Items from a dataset
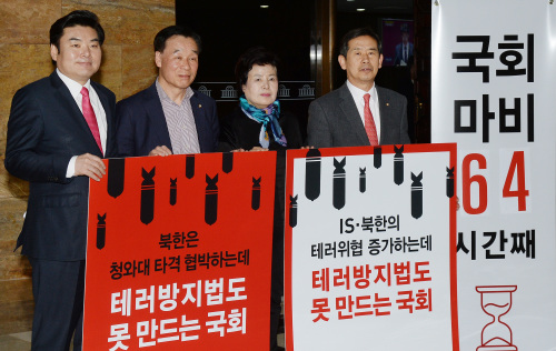 이에맞서 새누리당 조원진 원내수석부대표는 "테러방지법은 수개월 동안 정보위 여야 간사가 합의한 법안"이라며 절대 수정 불가 입장을 분명히했다.
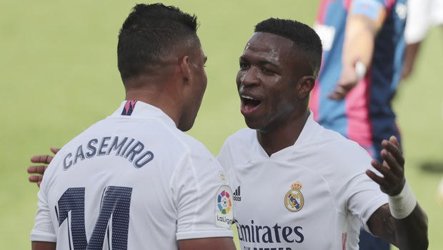 Καζεμίρο και Βινίσιους πανηγυρίζουν το 0-1 της Ρεάλ απέναντι στη Λεβάντε
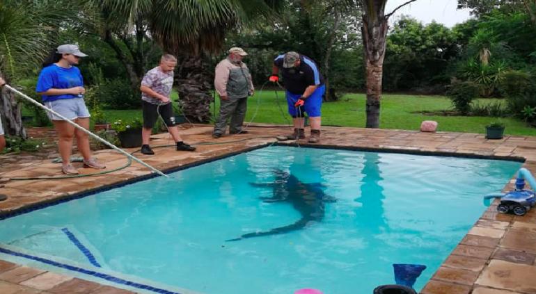 Breytenbach mencionó que tras descubrir al animal dentro de su piscina llamaron a especialistas, quienes con lazos y equipos de rescate intentaron sacarlo del agua.
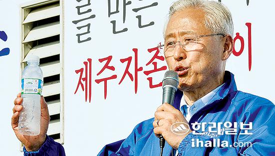 신구범 새정치민주연합 제주도지사 후보가 제주민속오일시장에서 삼다수정책에 관한 유세를 펼치고 있다. 강경민 기자
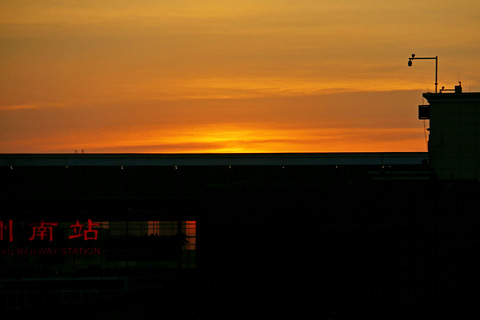 初秋时分,一轮红日从杭州南站顶上冉冉升起,气势磅礴,光芒四射,天下大明!
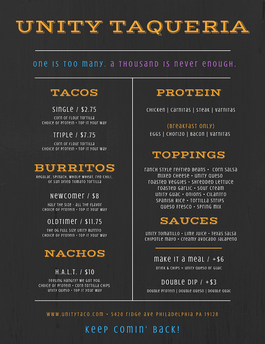 Nestled in the heart of Philadelphia, Unity Taqueria stands as a beacon for taco enthusiasts and health-conscious diners alike. Their menu is a delightful celebration of flavor, featuring a wide array of tacos crafted with fresh, quality ingredients. Each dish offers the option for vegan cheese and gluten-free corn tortillas, making it accessible for diverse dietary needs.
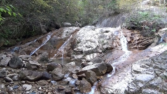 大野鉱山跡になります。もう車が入れません。川石の上を歩き
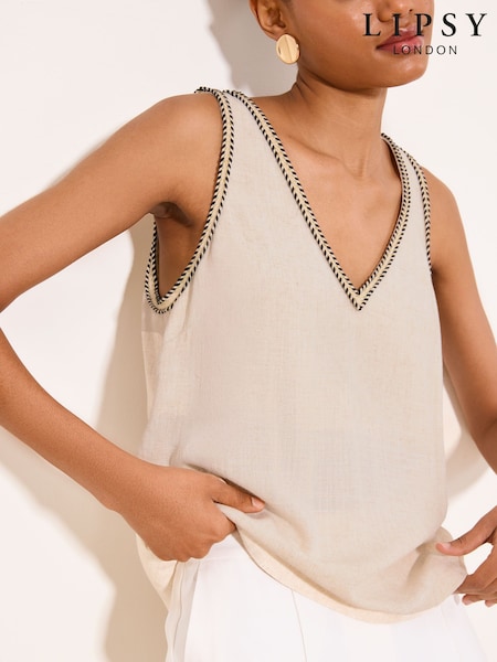 Lipsy Neutral Touch of Linen Trim Detail Vest
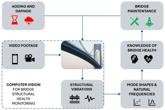 Bridges are critical components of our transportation network. Their fitness for purpose and conditions are paramount for public safety and the efficiency of transportation networks. Bridges require continuous monitoring and assessment to ensure their long-term operational viability [1]. Their maintenance is essential not only for the safety of their users but also for urban connectivity, fostering public life [2], and promoting economic growth [3]. Visual inspections are essential in assessing bridge conditions and preventing catastrophic events. Inspections, however, may be insufficient for a comprehensive understanding of bridge conditions, particularly when extensive diagnostic campaigns are not carried out or when certain infrastructure elements are difficult to access during regular inspection [4]. Moreover, inspections are subjective to inspectors’ interpretation of defects in the field and are laborious and expensive.
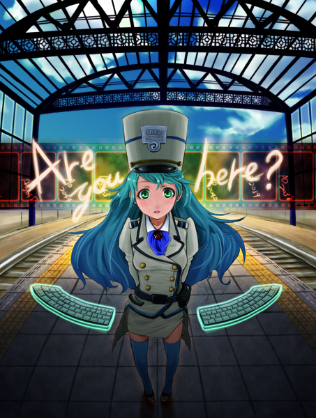 1girlarms behind backblue hairenglish textfemale focusgreen eyeshatlong hairshako capskirtsolotactile pavingthighhighstrain attendanttrain stationtravel attendantzettai ryouiki
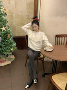【C8315】韓感約會小心機假兩件荷葉邊露肩顯瘦氛圍感冬日保暖毛衣
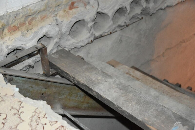 Зокрема, власник цих квадратних метрів в бетонній плиті перекриття зробив отвір та встановив металеві сходи, не маючи на це жодних дозвільних документів.
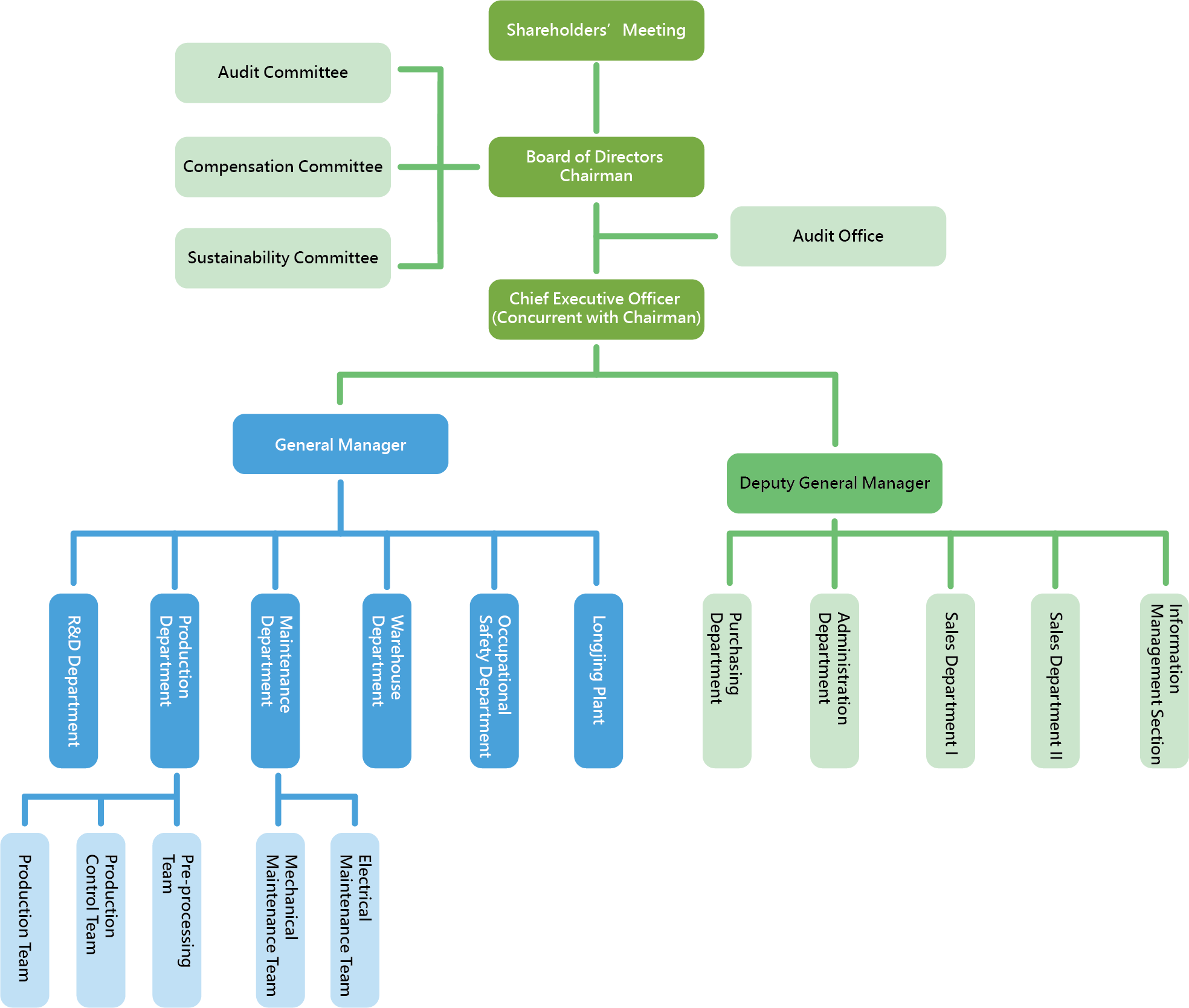 Corp. Structure Home / Investors / Corporate Governance / Corp. Structure Board of DirectorsCorp. StructureID–IA–EA CommunicationKey Internal RegulationsInternal AuditImplementation Results of Ethical Corporate ManagementSupplier Sustainability ManagementChief Corporate Governance Officer Corp. Structure About IntroductionHistoryCore ValuePolicyCertification and CertificateRelated companies Service Reusable WastesRecycleable WasteProfessional ServiceCrude Zinc Oxide NEWS NewsMediaESG Investors FinancialsCorporate GovernanceShareholder Service Reports Env. Monitoring ReportsESG Report Contact Us User GuidePlant Entry Registration SystemContractor Operational-Related Forms Taiwan Steel Union ESG Youtube Taiwan Steel Resources

■ What is expected: Nothing but the lines from the first line of the data above through the line holding "Зокрема, власник цих" may appear in the response, copied exactly and without pictures.

■ Written solution:
 이에맞서 새누리당 조원진 원내수석부대표는 "테러방지법은 수개월 동안 정보위 여야 간사가 합의한 법안"이라며 절대 수정 불가 입장을 분명히했다.
 Καζεμίρο και Βινίσιους πανηγυρίζουν το 0-1 της Ρεάλ απέναντι στη Λεβάντε
 Breytenbach mencionó que tras descubrir al animal dentro de su piscina llamaron a especialistas, quienes con lazos y equipos de rescate intentaron sacarlo del agua.
 신구범 새정치민주연합 제주도지사 후보가 제주민속오일시장에서 삼다수정책에 관한 유세를 펼치고 있다. 강경민 기자
 初秋时分,一轮红日从杭州南站顶上冉冉升起,气势磅礴,光芒四射,天下大明!
 Nestled in the heart of Philadelphia, Unity Taqueria stands as a beacon for taco enthusiasts and health-conscious diners alike. Their menu is a delightful celebration of flavor, featuring a wide array of tacos crafted with fresh, quality ingredients. Each dish offers the option for vegan cheese and gluten-free corn tortillas, making it accessible for diverse dietary needs.
 大野鉱山跡になります。もう車が入れません。川石の上を歩き
 Lipsy Neutral Touch of Linen Trim Detail Vest
 Bridges are critical components of our transportation network. Their fitness for purpose and conditions are paramount for public safety and the efficiency of transportation networks. Bridges require continuous monitoring and assessment to ensure their long-term operational viability [1]. Their maintenance is essential not only for the safety of their users but also for urban connectivity, fostering public life [2], and promoting economic growth [3]. Visual inspections are essential in assessing bridge conditions and preventing catastrophic events. Inspections, however, may be insufficient for a comprehensive understanding of bridge conditions, particularly when extensive diagnostic campaigns are not carried out or when certain infrastructure elements are difficult to access during regular inspection [4]. Moreover, inspections are subjective to inspectors’ interpretation of defects in the field and are laborious and expensive.
 1girlarms behind backblue hairenglish textfemale focusgreen eyeshatlong hairshako capskirtsolotactile pavingthighhighstrain attendanttrain stationtravel attendantzettai ryouiki
【C8315】韓感約會小心機假兩件荷葉邊露肩顯瘦氛圍感冬日保暖毛衣
 Зокрема, власник цих квадратних метрів в бетонній плиті перекриття зробив отвір та встановив металеві сходи, не маючи на це жодних дозвільних документів.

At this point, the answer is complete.